Bank ETFs Get a Boost from Corporate Earnings | ETF Trends

Bank stocks and ETFs have been soaring on Wednesday thanks to increases in banking profits that beat analyst expectations.

JPMorgan Chase & Co. reported an almost 5 times increase in quarterly profits thanks to surging markets and an economic recovery that enabled the bank to mobilize $5.2 billion in funds that it had set aside to cover bad loans.

JPMorgan Chase announced a record quarterly profit of $14.3 billion, or $4.50 a share, smashing the $3.10 a share forecast by analysts polled by FactSet. A year earlier, JPMorgan reported a quarterly profit of $2.87 billion, or $0.78 a share. The bank reported revenue of $32.27 billion, a gain of 14% from a year earlier.

While the nation’s largest bank bested analysts’ projections on top and bottom lines, shares of the bank fell 1%.

Meanwhile, shares of Goldman Sachs advanced 4.7% after the bank smashed analysts’ expectations for first-quarter net profits and revenues, thanks to robust performance from the firm’s equities trading and investment banking divisions.

Wells Fargo also reported strong earnings and revenue, helping to lift the bank’s stock 4%.

The news was bullish for banking ETFs like the KBW Bank Index (BKX), which climbed 1.75%. Bank shares have done well so far in 2021, with the KBW Bank Index beating the S&P 500.
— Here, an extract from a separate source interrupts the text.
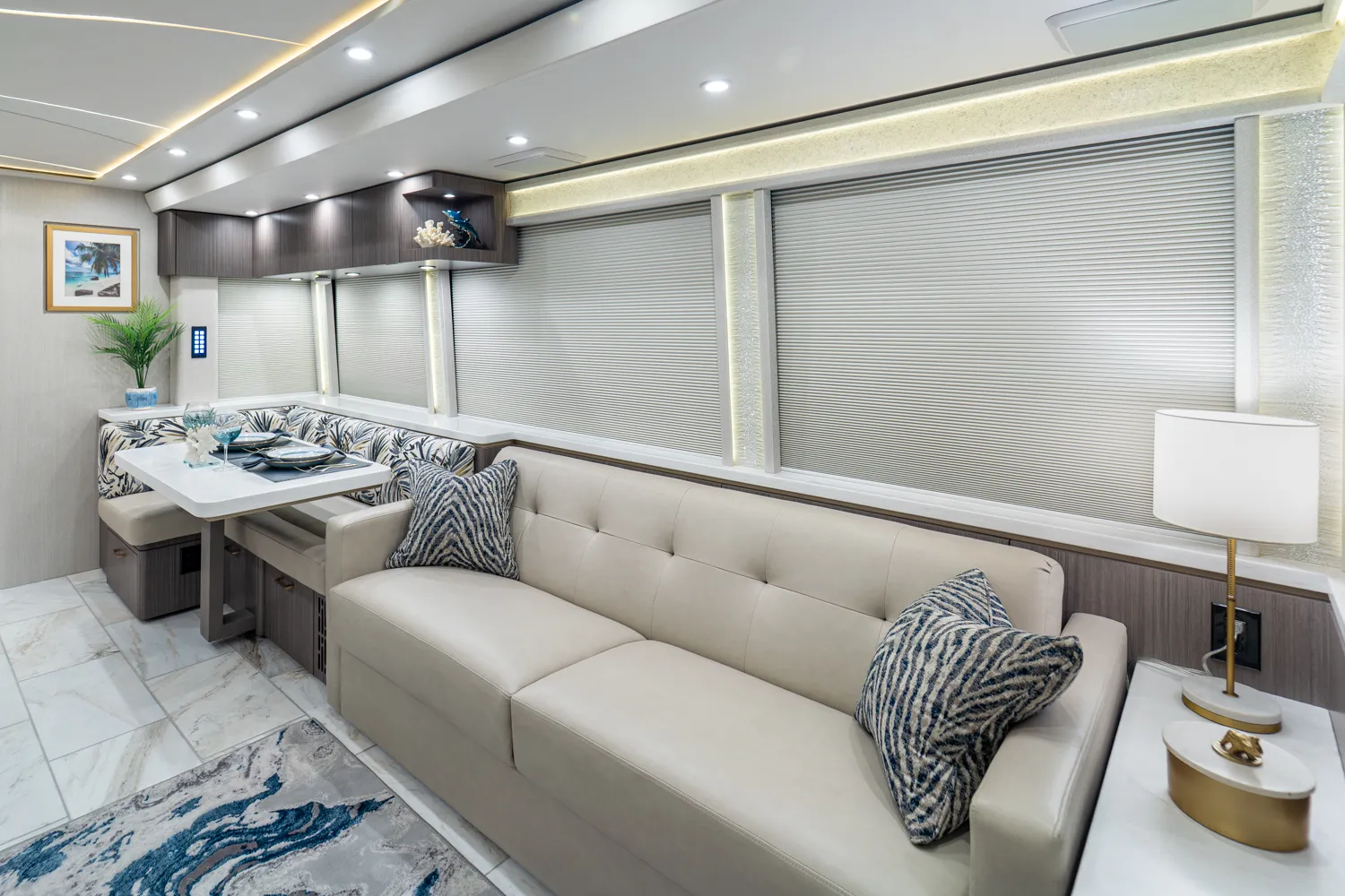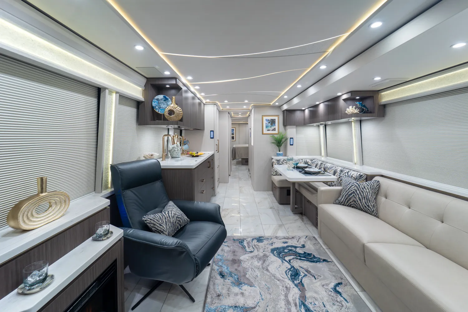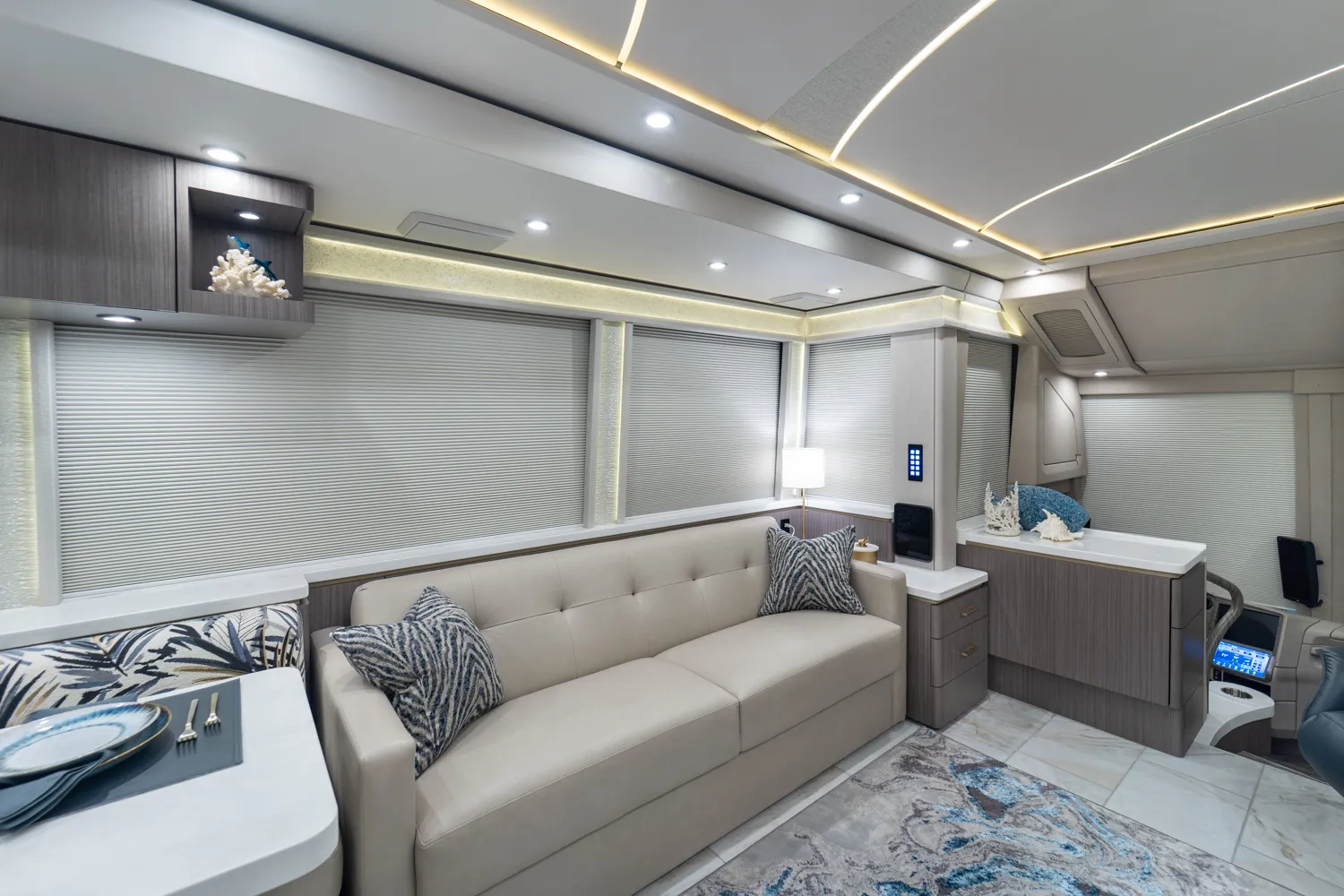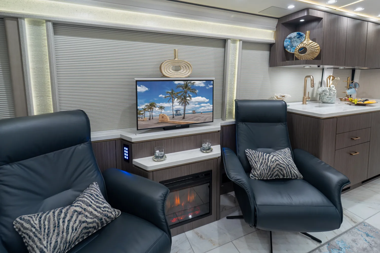 FEATURES SNAPSHOT\n\n● Crestron Audio with Surround Sound\n● Girard Automatic Awning Package with Fairings\n● 20 KW Kohler Generator with Auto-Gen\n● Patented Freedom Plus Sewer System\n● Patented TechLink Electrical System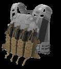 Plate Carrier ma wkomponowany w konstrukcję szczątkowy system modułowy z przodu oraz z tyłu. Dzięki licznym klapom, panelom plecowym oraz pasom cummerbund jesteś w stanie skonfigurować plate carriera odpowiadającego

“The first wave of Q1 big bank results look pretty much as strong as most analysts had expected – even stronger actually,” said JJ Kinahan, chief market strategist at TD Ameritrade. “It’s possible that we’re in a powerful market that’s in a forgiving mood when it comes to bad news. The path of least resistance for stocks continues to seem to be to go higher, with the market climbing a wall of worries that just doesn’t go away.”

A Reemerging Economy?

For S&P 500 companies overall, analysts are projecting a spike in corporate profits given to an improving economic situation and strong consumer spending.

“We could see upwards of 30% year-over-year earnings growth in the first quarter. That would be the most we’ve seen since coming out of the financial crisis,” Ryan Detrick, chief market strategist at LPL Financial, told Yahoo Finance. “That bar is a little bit higher, but we think once again corporate America will step up and justify a lot of the valuations that we see here,” he added.

After the coronavirus pandemic sacked the U.S. economy last year, JPMorgan and other big banks squirreled away billions of dollars in loan-loss reserves to prepare for a potential deluge of consumer and business defaults. While the funds damaged quarterly profits for most of 2020, the banks are now cashing in on their diligence, thanks to the fact that most major losses never materialized.

For bank ETFs that mean big gains as well. Investors can look to the banking sector with assets like the Financial Select Sector SPDR Fund (XLF), SPDR S&P Regional Banking ETF (KRE), and iShares U.S. Financials ETF (IYF).